_What you are asked to do_
Leaving out every picture, retype the lines below from the top through the one that contains "24 March 2019;".

_Data excerpt_
════
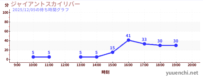 2025/12/05の待ち時間グラフ (ジャイアントスカイリバー)
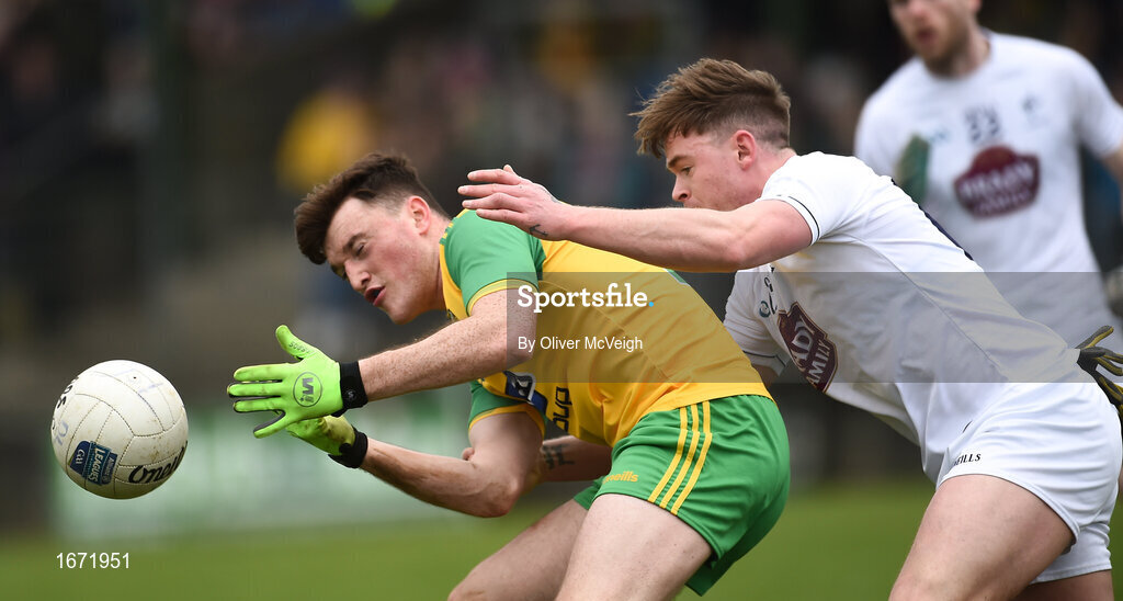 24 March 2019; Niall O’Donnell of Donegal in action against Adam Tyrell of Kildare during the Allianz Football League Division 2 Round 7 match between Donegal and Kildare at Fr. Tierney Park in Ballyshannon, Donegal. Photo by Oliver McVeigh/Sportsfile
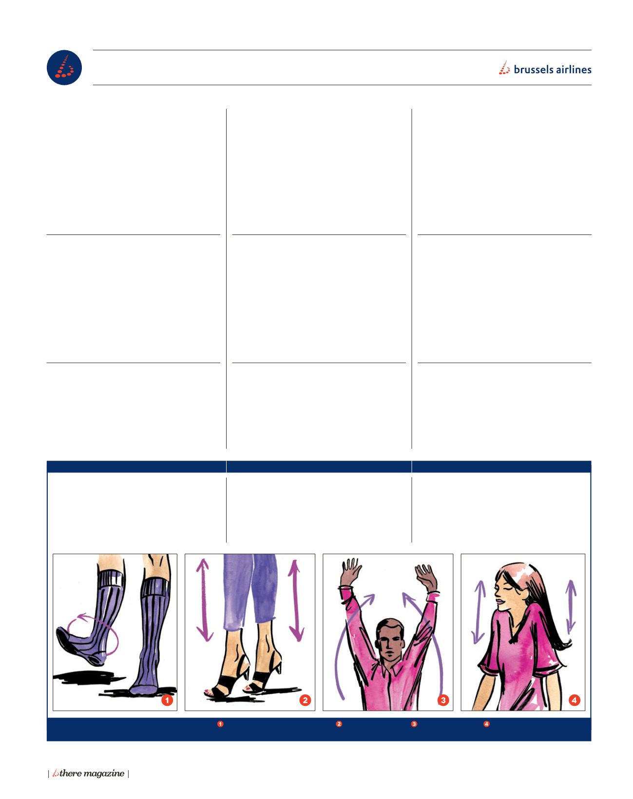 Stretchand rotateyour anklesand legswhile seated . Flexand stretchyour calfmuscles , aswell as your arms , shouldersandneck periodically.
════
_Reply_
 2025/12/05の待ち時間グラフ (ジャイアントスカイリバー)
 24 March 2019; Niall O’Donnell of Donegal in action against Adam Tyrell of Kildare during the Allianz Football League Division 2 Round 7 match between Donegal and Kildare at Fr. Tierney Park in Ballyshannon, Donegal. Photo by Oliver McVeigh/Sportsfile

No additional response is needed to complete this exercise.